"""

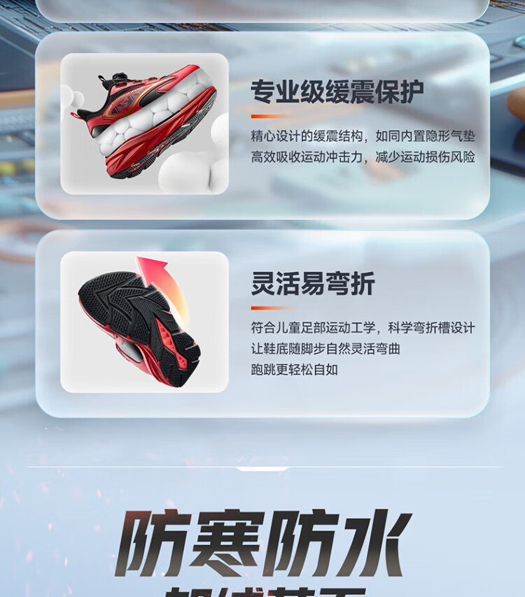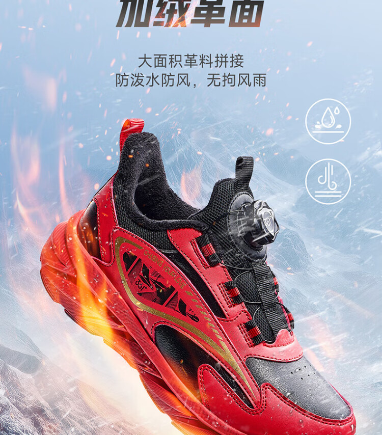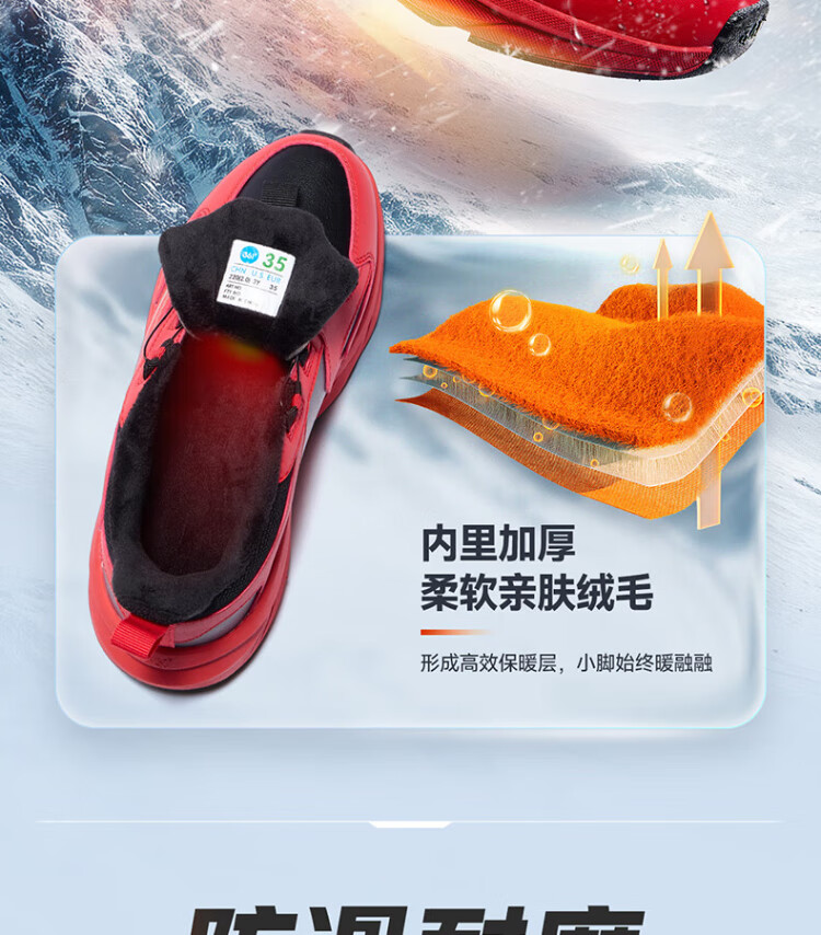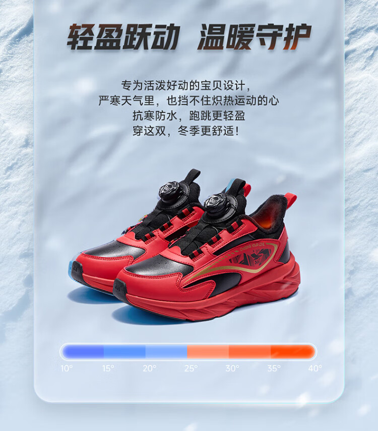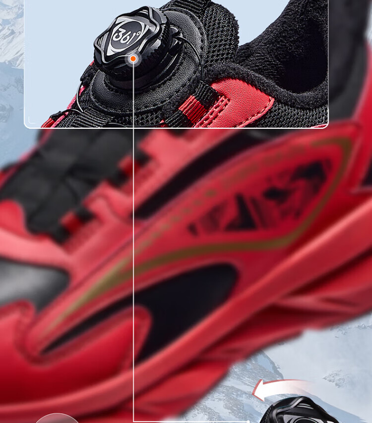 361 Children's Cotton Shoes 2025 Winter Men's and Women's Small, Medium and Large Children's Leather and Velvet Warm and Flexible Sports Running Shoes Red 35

"""
"""

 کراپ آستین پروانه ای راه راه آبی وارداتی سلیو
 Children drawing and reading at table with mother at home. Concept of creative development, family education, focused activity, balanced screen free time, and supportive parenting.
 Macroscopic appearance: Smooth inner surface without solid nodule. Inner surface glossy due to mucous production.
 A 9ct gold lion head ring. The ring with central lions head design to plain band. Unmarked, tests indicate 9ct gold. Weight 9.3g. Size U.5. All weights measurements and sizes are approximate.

"""
"""

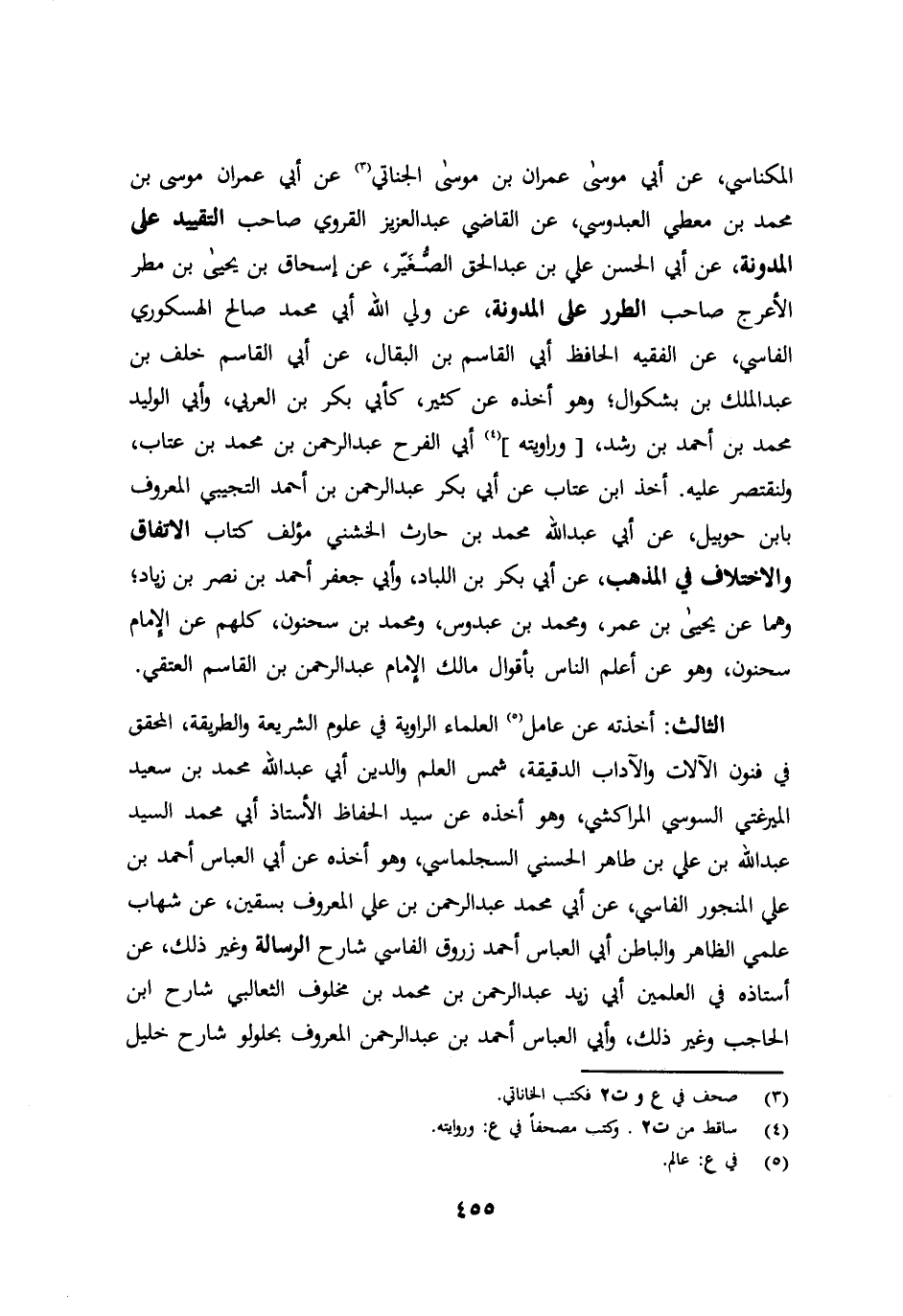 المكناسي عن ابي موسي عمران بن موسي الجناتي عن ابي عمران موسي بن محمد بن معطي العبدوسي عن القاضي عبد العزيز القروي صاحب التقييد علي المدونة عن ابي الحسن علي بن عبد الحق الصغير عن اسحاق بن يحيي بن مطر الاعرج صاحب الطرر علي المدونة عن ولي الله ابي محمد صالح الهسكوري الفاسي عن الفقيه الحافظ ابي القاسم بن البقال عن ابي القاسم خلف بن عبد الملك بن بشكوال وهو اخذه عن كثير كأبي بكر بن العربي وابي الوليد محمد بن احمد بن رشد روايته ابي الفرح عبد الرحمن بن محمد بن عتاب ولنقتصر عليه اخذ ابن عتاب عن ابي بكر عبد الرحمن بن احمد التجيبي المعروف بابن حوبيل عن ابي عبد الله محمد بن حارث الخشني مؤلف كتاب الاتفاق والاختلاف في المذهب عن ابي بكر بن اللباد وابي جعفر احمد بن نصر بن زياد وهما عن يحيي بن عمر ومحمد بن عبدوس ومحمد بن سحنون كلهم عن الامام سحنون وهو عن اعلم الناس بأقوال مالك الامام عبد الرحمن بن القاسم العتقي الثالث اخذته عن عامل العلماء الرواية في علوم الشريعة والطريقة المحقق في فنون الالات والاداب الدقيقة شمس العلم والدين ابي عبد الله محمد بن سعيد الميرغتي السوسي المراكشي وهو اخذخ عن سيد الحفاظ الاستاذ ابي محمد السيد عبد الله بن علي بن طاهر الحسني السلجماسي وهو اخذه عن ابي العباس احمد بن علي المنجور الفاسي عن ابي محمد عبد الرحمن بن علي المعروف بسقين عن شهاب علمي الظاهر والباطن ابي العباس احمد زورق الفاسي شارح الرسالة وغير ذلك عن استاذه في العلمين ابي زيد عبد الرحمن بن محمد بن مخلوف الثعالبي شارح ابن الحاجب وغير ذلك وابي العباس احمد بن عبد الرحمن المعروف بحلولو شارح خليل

"""

**What to work on:** Looking at the entries above, can you reproduce exactly the lines from the one that holds "کراپ آستین پروانه" through the one that holds "Children drawing and", and only those?

**Answer to this exercise:**
 کراپ آستین پروانه ای راه راه آبی وارداتی سلیو
 Children drawing and reading at table with mother at home. Concept of creative development, family education, focused activity, balanced screen free time, and supportive parenting.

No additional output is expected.